Jan van Eyck's The Madonna with Canon van der Paele
Source: ginieland on Wikipedia
For my second favorite from that museum, I chose a copy after Rogier van der Weyden, another giant of the region in 15-16th century.
Copy after Rogier van der Weyden, Saint Luke drawing the Madonna, ca. 1491-1510
This painting, a copy after Rogier van der Weyden, showed Saint Luke, the patron saint of artists, drawing portrait of Mary breast feeding Jesus. The most striking aspect of this group portrait was the calmness of Mary, under close scrutiny, in a rather intimate and private moment, and the obvious pride and joy on her face, and the intensity on the keenly observant face of Saint Luke. He obviously took his task seriously and he knew that he was recording a supremely important event for posterity. To emphasis the status of Mary, Van der Weyden sat her under a brocade canopy, amidst a rather bourgeois interior.
Adding some visual interests were two persons in mid-distance, in typical Flemish dress, surveying a typical Flemish town, tranquil, imperturbable, sharing the same luminosity of the painting itself, a wonderful achievement of Van der Weyden and his copier.

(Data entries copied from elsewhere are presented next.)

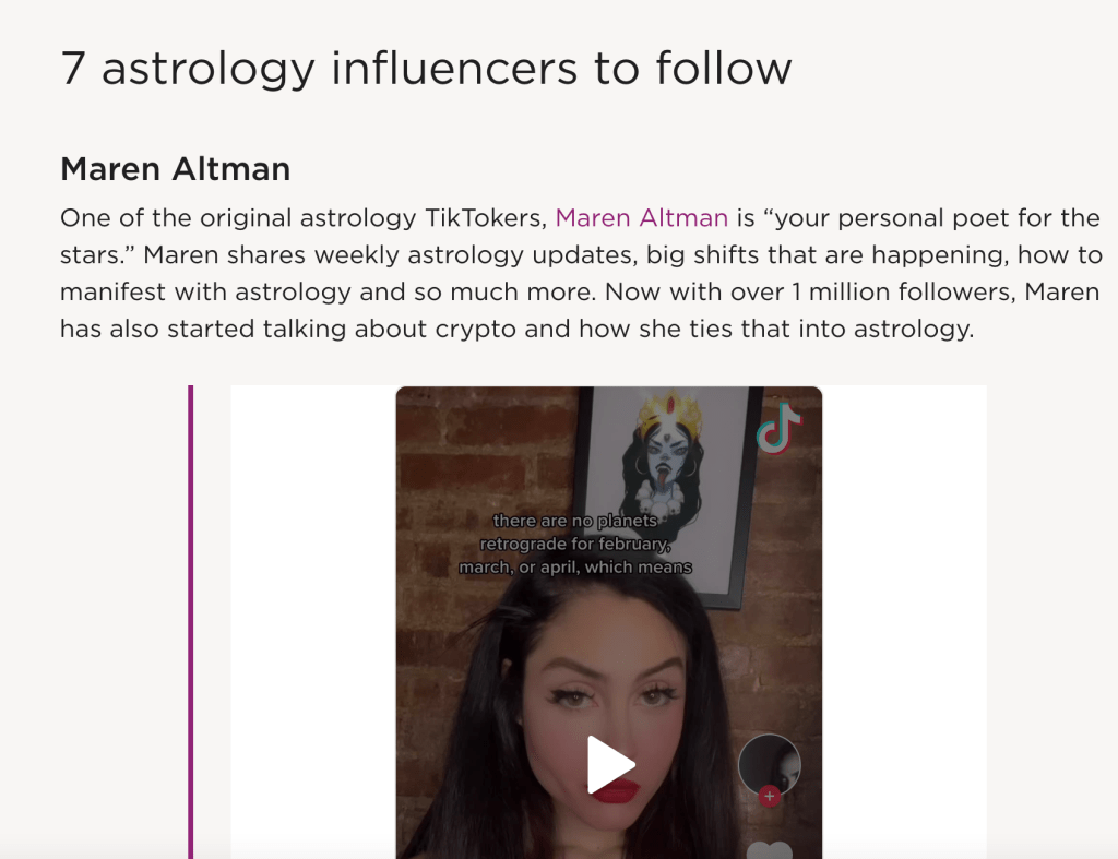 No author (2022), ‘Top 7 Astrology Influencers on Tik Tok’, Izea, viewed 13th September 2022, https://izea.com/resources/astrology-influencers-tiktok/
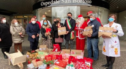 Questa mattina per i bambini ricoverati in pediatria all’ospedale San Bortolo di Vicenza è arrivato Babbo Natale. Grazie all’iniziativa promossa da Comune di Vicenza, Pro Loco Postumia, Vicenza for Children, associazione Noi per Voi di Masone (Genova) e Cisom, Corpo italiano di soccorso dell’Ordine di Malta, in reparto sono giunti pacchi dono e scatole regalo piene di giochi per far trascorrere anche ai bambini ospedalizzati qualche ora di festa in serenità.
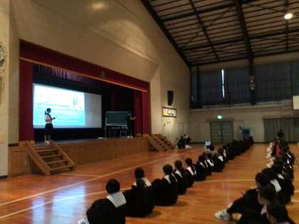 1年生は、体育館で、2、3年生は教室でリモートにて行っています。
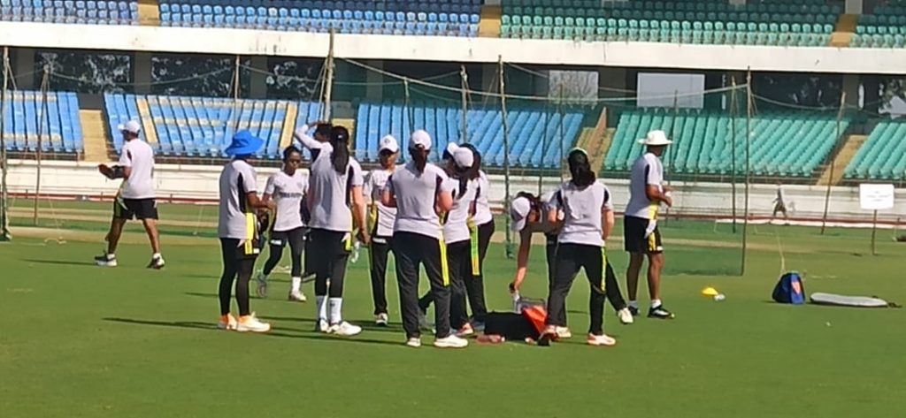 રાજકોટના ખંઢેરીમાં નિરંજન શાહ ક્રિકેટ સ્ટેડિયમ ખાતે ભારત અને આયર્લેન્ડની મહિલા ક્રિકેટ ટીમ વચ્ચે ત્રણ વન-ડેની ચેમ્પિયનશિપ રમાવાની છે. સોમવારે બપોરે સાંજે આયર્લેન્ડની ટીમ રાજકોટ આવી પહોંચી હતી અને મોડી સાંજે ભારતની ટીમનું પણ આગમન થયું હતું. ભારતીય ટીમના ચાર પ્લેયર આજે સવારે આવી પહોચ્યા હતાં. ત્રણ વન-ડેની ચેમ્પિયનશિપનો પ્રથમ મેચ તા.10ના બીજો મેચ તા.12ના અને ત્રીજો મેચ તા.15ના રમાશે. આજે બપોરે બાર વાગ્યે ભારતીય મહિલા ક્રિકેટ ટીમ ખંઢેરી ગ્રાઉન્ડ ખાતે અને બપોરના સેશનમાં બપોરે ત્રણેક વાગ્યે આયર્લેન્ડની ટીમ પ્રેક્ટિસમાં પરસેવો પાડ્યો હતો.
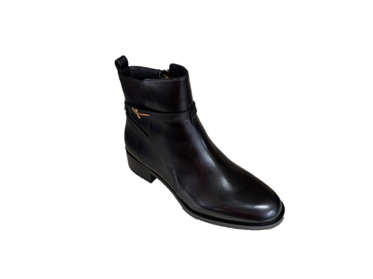 Stivaletti in pelle colore nero, tacco 3,7cm, suola in gomma, cerniera laterale

According to Flemish Primitives, "the presentation is based on a legend from the 6th Century, in which it is said that Luke paints the portrait of Mary. For this reason, Saint Luke is the guardian saint of painters, and the guilds in which painters united were often named after him. This story is then also a cherished theme as altarpiece for the chapel of the Saint Luke's guild. The painting from which this Bruges work is a copy, is painted by Rogier van der Weyden before 1440. He probably makes it for the chapel of the Brussels Saint Luke's guild, of which he is a member. The original is preserved in the Museum of Fine Arts in Boston. In addition to the Bruges work, there are also two true copies known that are kept in the Alte Pinakothek in Munich and in the Hermitage in St. Petersburg. The Bruges painting is the best in terms of quality of these copies and was probably painted around 1500."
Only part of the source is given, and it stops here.